On 04/04/2014 02:54 AM, Peter Krempa wrote:
On 04/04/14 06:32, Eric Blake wrote:
> I'm about to add fields to virStorageFileMetadata, which means
> also adding fields to the testFileData struct in virstoragetest.
> Alas, adding even one pointer on an x86_64 machine gave me a
> dreaded compiler error:
>
> virstoragetest.c:712:1: error: the frame size of 4208 bytes is larger than 4096 bytes
[-Werror=frame-larger-than=]
>
> After some experimentation, I realized that each test was creating
> yet another testChainData (which contains testFileData) on the stack;
> forcing the reuse of one of these structures instead of creating a
> fresh one each time drastically reduces the size requirements. While
> at it, I also got rid of a lot of intermediate structs, with some
> macro magic that lets me directly build up the destination chains
> inline.
Unfortunately it's not completely trivial to understand what's happening
on the first glance.
I'll expand the commit message before pushing.
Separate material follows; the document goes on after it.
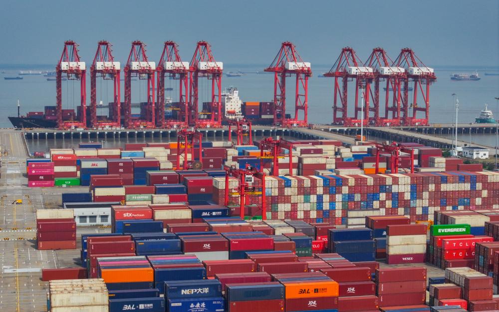 江蘇省蘇州港太倉港區(qū)集裝箱碼頭(無人機照片,10月10日攝)。新華社記者 李博 攝

Basically,
-#define TEST_ONE_CHAIN(id, start, format, chain, flags)
\
+#define TEST_ONE_CHAIN(id, start, format, flags, ...) \
do { \
- struct testChainData data = { \
- start, format, chain, ARRAY_CARDINALITY(chain), flags, \
the old code was populating data.files = chain, where 'chain' was an
intermediate variable and files is a testFileData*
+ size_t i;
\
+ memset(&data, 0, sizeof(data)); \
+ data = (struct testChainData){ \
+ start, format, { __VA_ARGS__ }, 0, flags, \
}; \
while the new code is populating data.files = { ptr, ptr, ... }, with no
intermediate chain variable, and where files is now an array of
testFileData*.
+ for (i = 0; i < ARRAY_CARDINALITY(data.files); i++)
\
+ if (data.files[i]) \
+ data.nfiles++; \
Pre-patch, counting the number of files was done by the size of the
'chain' intermediate variable. Post-patch, it is done by counting the
number of non-NULL pointers in the 'files' array.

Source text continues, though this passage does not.